Records supplied section start
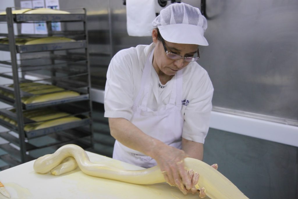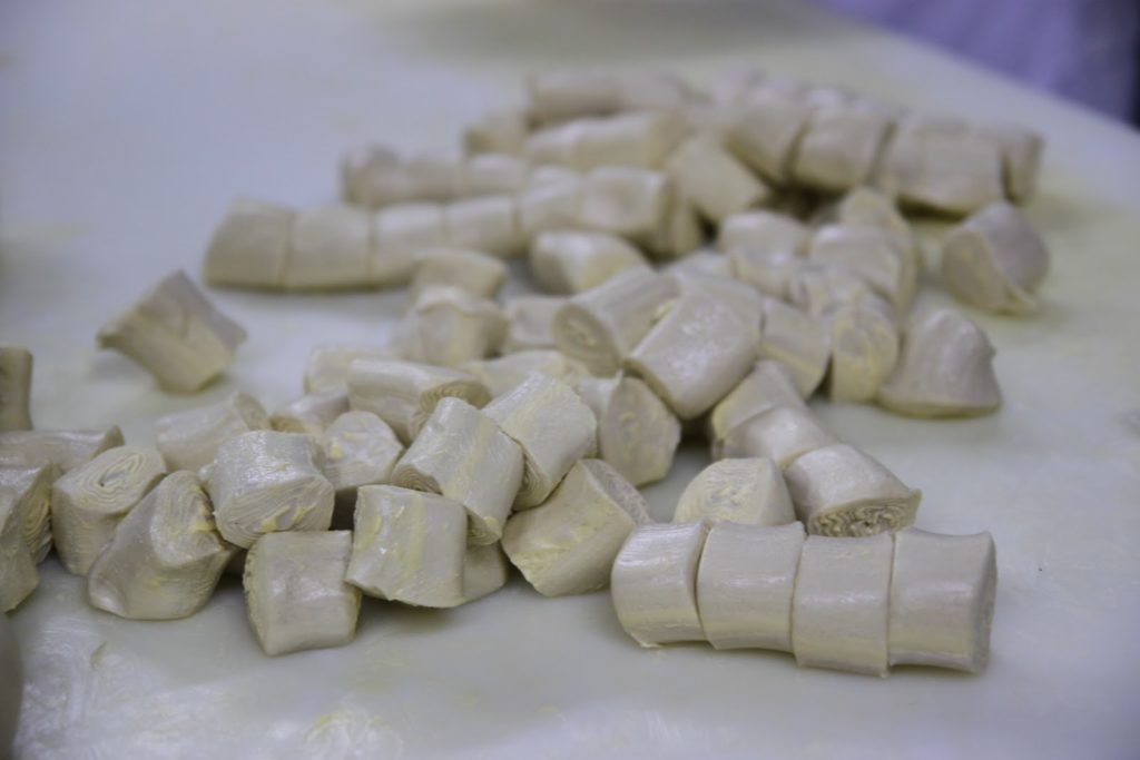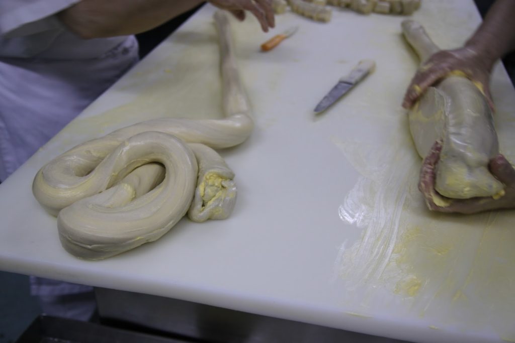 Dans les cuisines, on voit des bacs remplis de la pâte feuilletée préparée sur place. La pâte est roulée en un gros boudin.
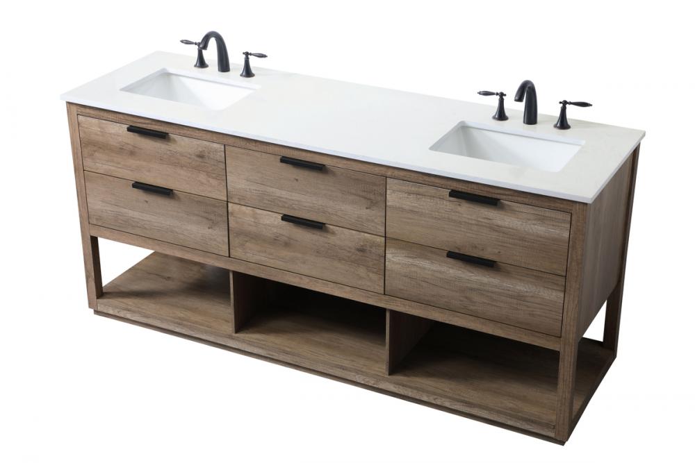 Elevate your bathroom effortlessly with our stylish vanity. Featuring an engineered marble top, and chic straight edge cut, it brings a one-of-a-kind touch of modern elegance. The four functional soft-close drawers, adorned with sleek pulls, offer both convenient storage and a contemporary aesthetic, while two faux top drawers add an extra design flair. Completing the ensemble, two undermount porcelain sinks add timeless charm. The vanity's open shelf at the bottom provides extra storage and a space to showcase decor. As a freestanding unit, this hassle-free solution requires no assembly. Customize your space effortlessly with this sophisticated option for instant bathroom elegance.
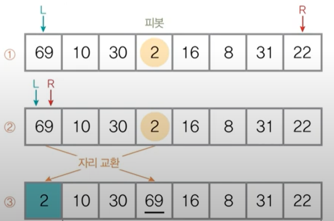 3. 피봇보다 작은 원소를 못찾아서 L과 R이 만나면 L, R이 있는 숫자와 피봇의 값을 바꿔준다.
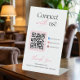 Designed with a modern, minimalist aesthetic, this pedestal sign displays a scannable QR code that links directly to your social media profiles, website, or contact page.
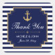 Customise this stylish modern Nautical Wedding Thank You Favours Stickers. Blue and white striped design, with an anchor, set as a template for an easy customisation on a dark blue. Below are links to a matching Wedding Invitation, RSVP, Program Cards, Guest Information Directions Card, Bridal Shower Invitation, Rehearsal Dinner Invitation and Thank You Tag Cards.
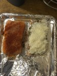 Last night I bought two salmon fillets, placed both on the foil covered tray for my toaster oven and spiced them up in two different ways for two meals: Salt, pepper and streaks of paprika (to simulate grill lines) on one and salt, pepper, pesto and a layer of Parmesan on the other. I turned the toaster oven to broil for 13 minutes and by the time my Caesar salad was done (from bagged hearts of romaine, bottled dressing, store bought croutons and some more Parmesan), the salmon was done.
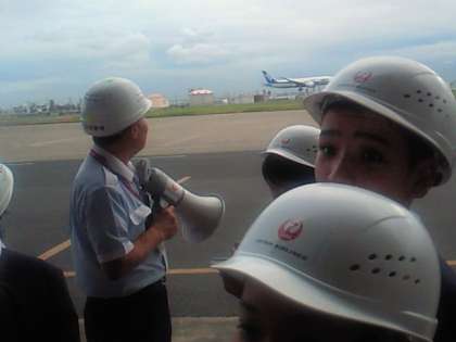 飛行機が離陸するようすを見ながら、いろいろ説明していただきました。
Records supplied section end
Records supplied section start
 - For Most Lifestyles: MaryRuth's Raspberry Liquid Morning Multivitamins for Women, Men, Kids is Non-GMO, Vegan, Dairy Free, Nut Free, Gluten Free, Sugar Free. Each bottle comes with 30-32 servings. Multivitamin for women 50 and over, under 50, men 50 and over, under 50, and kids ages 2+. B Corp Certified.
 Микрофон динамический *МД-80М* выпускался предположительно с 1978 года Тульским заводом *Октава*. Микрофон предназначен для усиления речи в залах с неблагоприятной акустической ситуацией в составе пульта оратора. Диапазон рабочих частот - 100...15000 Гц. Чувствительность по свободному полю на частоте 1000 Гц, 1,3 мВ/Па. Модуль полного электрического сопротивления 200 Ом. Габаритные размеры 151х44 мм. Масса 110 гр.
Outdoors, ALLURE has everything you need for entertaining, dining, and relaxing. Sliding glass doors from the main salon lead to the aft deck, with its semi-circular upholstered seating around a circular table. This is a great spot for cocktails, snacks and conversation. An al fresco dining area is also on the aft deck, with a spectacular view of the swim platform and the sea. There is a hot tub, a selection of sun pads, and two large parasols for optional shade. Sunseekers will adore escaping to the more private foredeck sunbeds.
Records supplied section end
_Exercise_. Look above for the line with "Customise this stylish" and the line with "飛行機が離陸するようすを見ながら、いろいろ説明していただきました。". Output those two and everything between them exactly, pictures excluded.

_Result_.
 Customise this stylish modern Nautical Wedding Thank You Favours Stickers. Blue and white striped design, with an anchor, set as a template for an easy customisation on a dark blue. Below are links to a matching Wedding Invitation, RSVP, Program Cards, Guest Information Directions Card, Bridal Shower Invitation, Rehearsal Dinner Invitation and Thank You Tag Cards.
 Last night I bought two salmon fillets, placed both on the foil covered tray for my toaster oven and spiced them up in two different ways for two meals: Salt, pepper and streaks of paprika (to simulate grill lines) on one and salt, pepper, pesto and a layer of Parmesan on the other. I turned the toaster oven to broil for 13 minutes and by the time my Caesar salad was done (from bagged hearts of romaine, bottled dressing, store bought croutons and some more Parmesan), the salmon was done.
 飛行機が離陸するようすを見ながら、いろいろ説明していただきました。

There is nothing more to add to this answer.